Réponse : Alors, je ne peux pas communiquer de date de sortie car ça ne se décide pas à mon niveau du tout. C’est un jeu qui est entièrement financé par Sony, qui a une grosse envie de pousser à l’originalité. Ce qu’on nous demande c’est « soyez créatif, soyez originaux », c’est une exclusivité PlayStation, donc désolé pour ceux qui ont pas la console mais c’est aussi ce qui fait que le jeu tourne très très bien sur la PlayStation 4 et pas seulement la Pro. On fait des choses qu’on aurait pas le temps ou les moyens de faire en multiplateformes.

Question : Pourquoi avoir choisi de fonder votre propre studio – ndlr : Wild Sheep Studio – alors que vous aviez l’habitude de travailler chez Ubisoft, que cela vous apporte-t-il ? Est-ce qu’un troisième Beyond Good and Evil dépendrait des ventes du second ?

Réponse : Pour Beyond Good and Evil, on est déjà concentrés sur le deuxième, on pense déjà à finir quelque chose. Pour le studio, on avait simplement la possibilité de le faire et il y avait un cercle de personnes qui s’était dit : « on pourrait le faire, on pourrait monter un studio », avec le recul on se dit que c’est bien difficile parce qu’on part de 0, d’une nouvelle technologie. C’est comme quand j’étais jeune et qu’on se disait qu’on pouvait faire des jeux mieux que Capcom, on n’a pas tellement changé, on a juste des cheveux gris. On est un peu couillons et fous. Il y a des gens qui disaient que j’étais frustrés chez Ubisoft, ce n’est absolument pas vrai. Quand on travaille avec des jeux comme Rayman Legends, on met ce qu’on veut dedans. Ubisoft et Sony cherchent des choses surprenantes. Il y a des jeux plus convenus, mais il y a aussi des désirs, dans la même boite, de choses plus surprenantes. A ce moment-là, ils nous demandent de travailler sur ce genre de choses.

Question : Quel est votre jeu préféré de ces dernières années, celui qui vous a le plus inspiré.

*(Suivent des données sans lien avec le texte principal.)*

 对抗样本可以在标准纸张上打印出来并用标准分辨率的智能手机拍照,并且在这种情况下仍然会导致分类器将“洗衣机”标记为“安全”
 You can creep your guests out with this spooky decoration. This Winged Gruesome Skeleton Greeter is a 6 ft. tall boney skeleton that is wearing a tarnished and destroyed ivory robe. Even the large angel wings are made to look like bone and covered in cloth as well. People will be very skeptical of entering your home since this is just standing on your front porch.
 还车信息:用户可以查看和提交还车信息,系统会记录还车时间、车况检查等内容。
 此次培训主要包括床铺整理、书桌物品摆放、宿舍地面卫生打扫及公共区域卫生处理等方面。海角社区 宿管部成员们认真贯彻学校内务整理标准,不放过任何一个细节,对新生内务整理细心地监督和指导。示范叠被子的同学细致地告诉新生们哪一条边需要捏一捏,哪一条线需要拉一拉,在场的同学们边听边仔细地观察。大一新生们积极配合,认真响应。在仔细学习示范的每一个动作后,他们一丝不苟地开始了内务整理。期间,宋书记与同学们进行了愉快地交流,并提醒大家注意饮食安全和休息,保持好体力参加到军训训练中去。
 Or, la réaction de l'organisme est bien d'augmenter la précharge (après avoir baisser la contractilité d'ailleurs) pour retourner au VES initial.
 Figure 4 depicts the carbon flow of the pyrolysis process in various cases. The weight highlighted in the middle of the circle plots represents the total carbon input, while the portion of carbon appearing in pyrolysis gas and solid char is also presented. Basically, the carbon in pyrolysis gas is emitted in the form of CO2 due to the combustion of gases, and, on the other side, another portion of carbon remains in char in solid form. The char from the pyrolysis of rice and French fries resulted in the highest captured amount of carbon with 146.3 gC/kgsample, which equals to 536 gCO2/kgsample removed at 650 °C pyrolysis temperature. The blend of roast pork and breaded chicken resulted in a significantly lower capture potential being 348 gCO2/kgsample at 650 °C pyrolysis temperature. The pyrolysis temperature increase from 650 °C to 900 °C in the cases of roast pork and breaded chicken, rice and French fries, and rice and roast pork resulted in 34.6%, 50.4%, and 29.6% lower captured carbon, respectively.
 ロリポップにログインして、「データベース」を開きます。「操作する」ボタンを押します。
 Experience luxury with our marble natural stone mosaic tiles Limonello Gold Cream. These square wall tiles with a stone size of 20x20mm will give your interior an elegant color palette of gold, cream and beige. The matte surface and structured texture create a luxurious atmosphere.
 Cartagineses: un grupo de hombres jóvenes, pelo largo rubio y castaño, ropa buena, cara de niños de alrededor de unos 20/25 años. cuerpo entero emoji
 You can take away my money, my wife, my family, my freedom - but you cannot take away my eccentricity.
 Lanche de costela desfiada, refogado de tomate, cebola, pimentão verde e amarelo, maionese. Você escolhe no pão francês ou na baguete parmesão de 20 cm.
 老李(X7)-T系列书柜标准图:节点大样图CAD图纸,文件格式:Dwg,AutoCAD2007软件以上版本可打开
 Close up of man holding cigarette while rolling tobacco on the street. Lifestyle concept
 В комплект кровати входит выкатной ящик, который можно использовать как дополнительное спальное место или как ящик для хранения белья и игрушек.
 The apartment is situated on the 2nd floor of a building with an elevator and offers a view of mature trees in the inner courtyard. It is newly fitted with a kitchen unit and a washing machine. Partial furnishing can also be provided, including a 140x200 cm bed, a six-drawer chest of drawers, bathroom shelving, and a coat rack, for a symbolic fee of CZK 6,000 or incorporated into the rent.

Réponse : C’est pas évident ça. La réponse la plus bateau ça serait Journey, je l’ai découvert au travers de mon petit garçon qui y a joué. J’ai voulu le faire jouer à Wind Waker, ça a été un cataclysme, il ne comprenait rien, la caméra, le lock, tout ça, même moi j’arrivais plus à jouer, c’était horrible. J’avais pris la version remaster sur Wii U, qui est super belle en plus. Quelques jours après, il a joué à Journey et j’ai vu cette espèce de bienveillance du jeu, là où Wind Waker est un titre exceptionnel mais qui n’était pas pour lui, par rapport au décalage entre le visuel et la difficulté pour un enfant de son âge. Journey a quelque chose, cette lumière, ce rythme, c’est pas stressant. Il aime quand ça bastonne mais là il a trouvé quelque chose, il y a quelque chose de mystérieux. Il y a quelque chose que je recherche moi dans les jeux que je fais, c’est que c’est indéterminé. On voit pas les limites, on comprend pas exactement quelles sont les limites du jeu, c’est flou et poétique. C’est dur de faire ça dans un jeu, généralement on voit vite les limites, on comprend l’objectifs, quand il y a un score ou autre. Je ne dis pas que c’est pas bien mais ça peut vite devenir un espèce de « sport », on complète des choses, ce qui rend tout ça mécanique. Alors que quand on se laisse aller dans une narration, une histoire, … Journey, c’est l’expérience, c’est génial de voir comment le jeu vidéo a évolué.

Merci à Michel Ancel et Shibuya Productions pour nous avoir permis d’assister à cette conférence.